* _RECORDED INFORMATION_
········

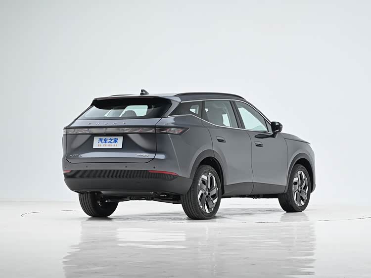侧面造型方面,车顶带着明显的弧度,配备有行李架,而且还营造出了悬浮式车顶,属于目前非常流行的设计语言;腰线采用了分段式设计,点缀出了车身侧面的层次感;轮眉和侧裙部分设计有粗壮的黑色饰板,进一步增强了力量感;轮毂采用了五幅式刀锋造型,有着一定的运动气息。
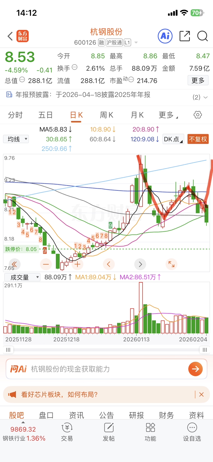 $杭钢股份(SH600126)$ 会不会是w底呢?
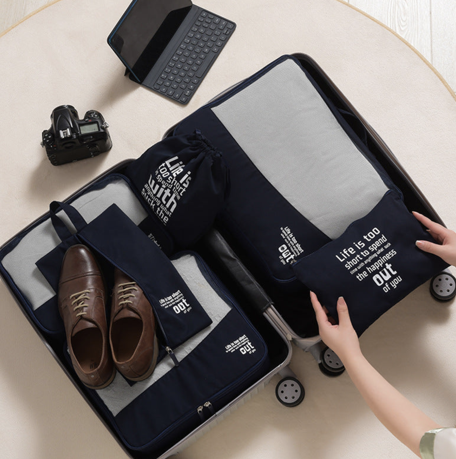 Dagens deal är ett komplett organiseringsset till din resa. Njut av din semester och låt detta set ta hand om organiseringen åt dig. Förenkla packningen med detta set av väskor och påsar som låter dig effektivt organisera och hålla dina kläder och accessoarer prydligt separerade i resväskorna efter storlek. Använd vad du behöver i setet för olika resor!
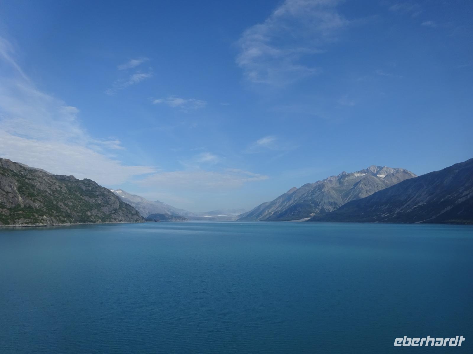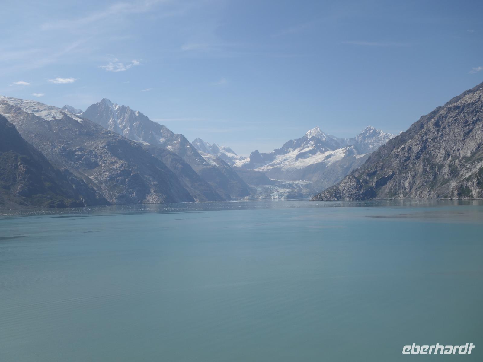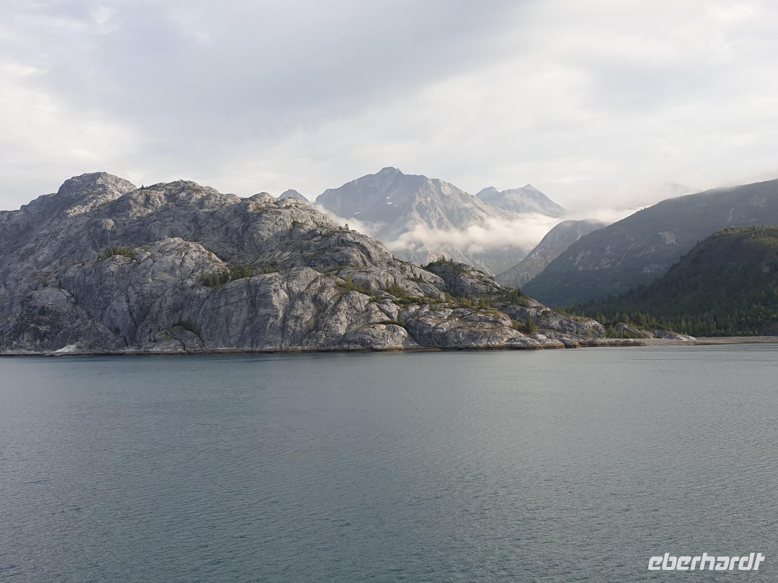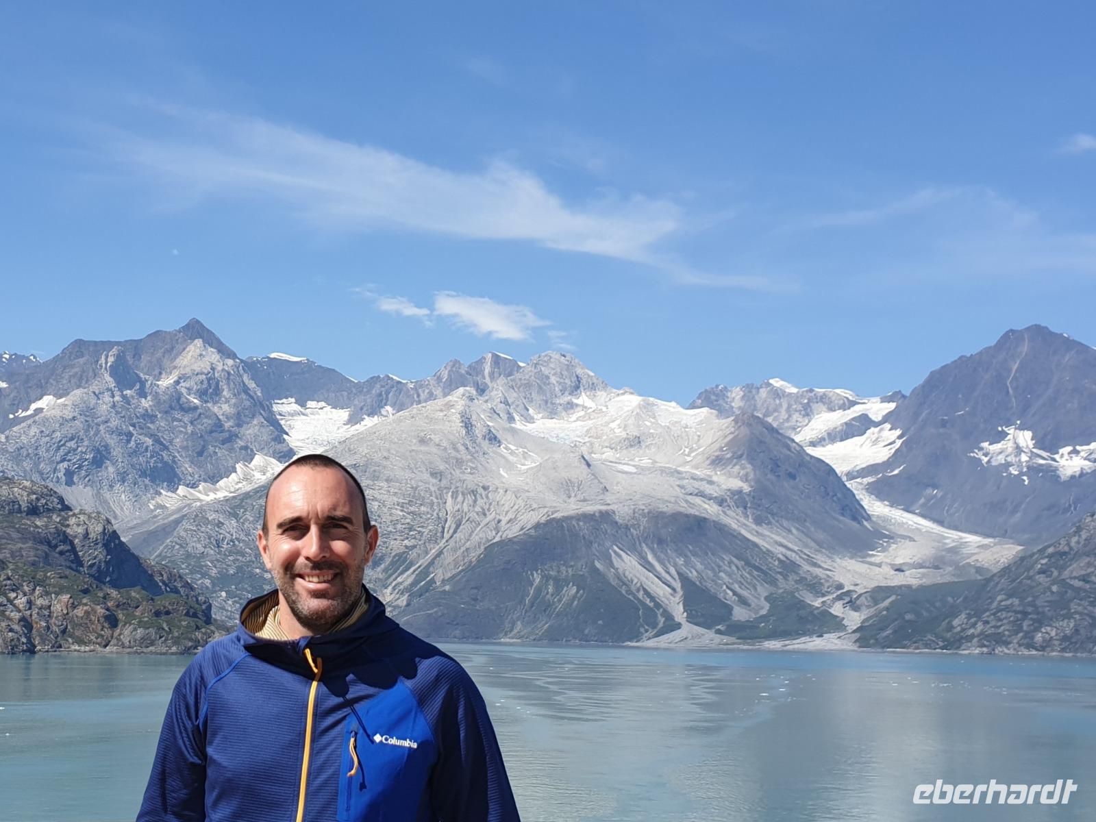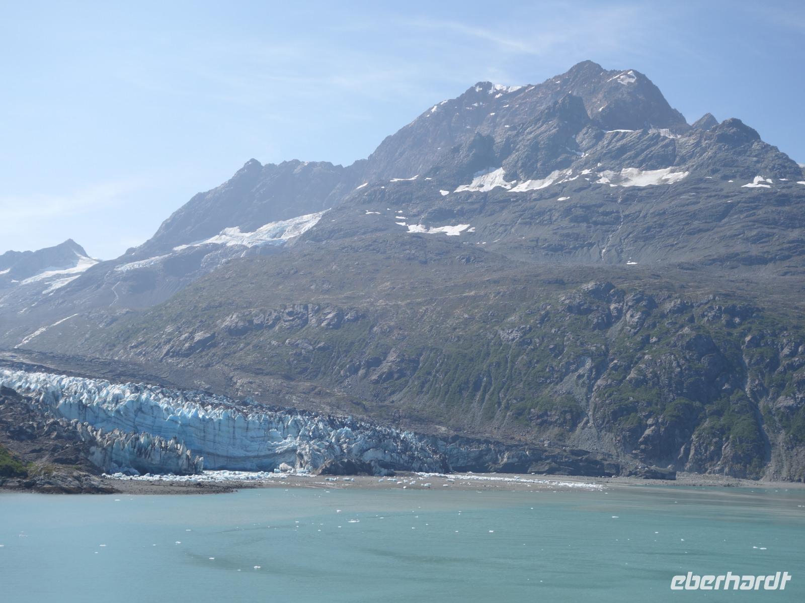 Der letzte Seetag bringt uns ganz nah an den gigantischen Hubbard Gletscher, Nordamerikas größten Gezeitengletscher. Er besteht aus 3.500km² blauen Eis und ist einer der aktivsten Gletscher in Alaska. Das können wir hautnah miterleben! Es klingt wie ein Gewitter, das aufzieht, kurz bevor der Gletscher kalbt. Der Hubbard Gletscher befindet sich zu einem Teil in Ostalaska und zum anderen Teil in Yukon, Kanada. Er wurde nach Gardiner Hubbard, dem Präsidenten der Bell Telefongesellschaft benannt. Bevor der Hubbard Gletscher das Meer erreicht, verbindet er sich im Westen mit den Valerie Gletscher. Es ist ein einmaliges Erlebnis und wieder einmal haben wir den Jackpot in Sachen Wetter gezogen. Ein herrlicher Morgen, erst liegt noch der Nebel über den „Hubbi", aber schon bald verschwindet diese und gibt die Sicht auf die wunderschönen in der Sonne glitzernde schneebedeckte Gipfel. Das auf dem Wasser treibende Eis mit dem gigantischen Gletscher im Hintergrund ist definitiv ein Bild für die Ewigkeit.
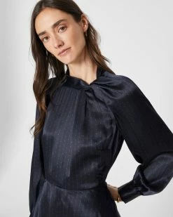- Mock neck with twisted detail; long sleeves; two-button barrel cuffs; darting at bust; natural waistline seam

········

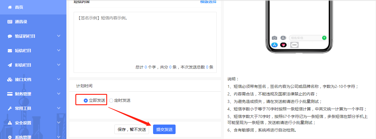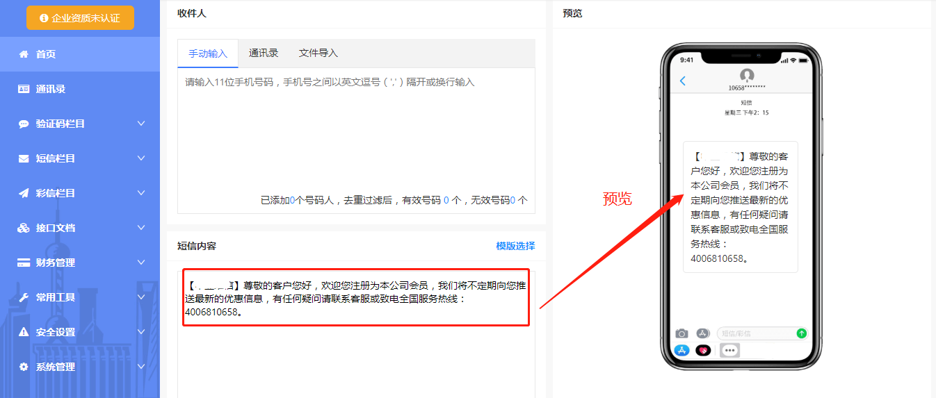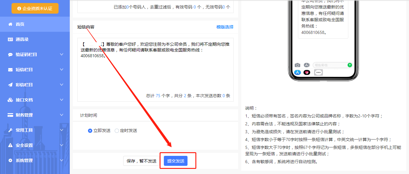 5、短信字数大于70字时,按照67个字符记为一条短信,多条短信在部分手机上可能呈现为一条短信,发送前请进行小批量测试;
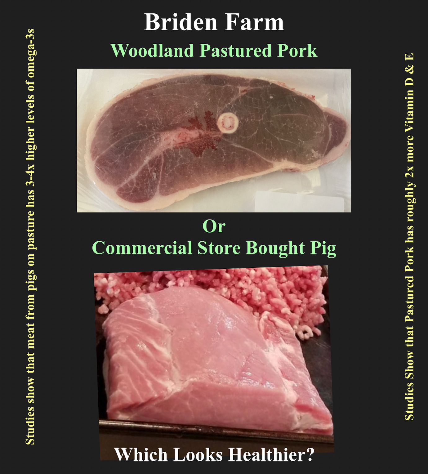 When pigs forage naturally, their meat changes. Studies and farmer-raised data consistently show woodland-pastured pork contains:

········

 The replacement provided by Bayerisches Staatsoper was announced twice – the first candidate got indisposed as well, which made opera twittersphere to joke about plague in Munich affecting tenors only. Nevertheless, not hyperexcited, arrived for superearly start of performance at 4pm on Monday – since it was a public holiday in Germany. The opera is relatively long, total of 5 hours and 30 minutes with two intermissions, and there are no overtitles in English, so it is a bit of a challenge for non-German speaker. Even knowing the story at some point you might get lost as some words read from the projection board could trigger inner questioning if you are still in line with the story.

········

* _TASK TO COMPLETE_
Although the records above contain pictures, the copy must not; set down exactly the lines from the one with "侧面造型方面,车顶带着明显的" up to and including the one with "Dagens deal är".

* _TASK SOLUTION_
侧面造型方面,车顶带着明显的弧度,配备有行李架,而且还营造出了悬浮式车顶,属于目前非常流行的设计语言;腰线采用了分段式设计,点缀出了车身侧面的层次感;轮眉和侧裙部分设计有粗壮的黑色饰板,进一步增强了力量感;轮毂采用了五幅式刀锋造型,有着一定的运动气息。
 $杭钢股份(SH600126)$ 会不会是w底呢?
 Dagens deal är ett komplett organiseringsset till din resa. Njut av din semester och låt detta set ta hand om organiseringen åt dig. Förenkla packningen med detta set av väskor och påsar som låter dig effektivt organisera och hålla dina kläder och accessoarer prydligt separerade i resväskorna efter storlek. Använd vad du behöver i setet för olika resor!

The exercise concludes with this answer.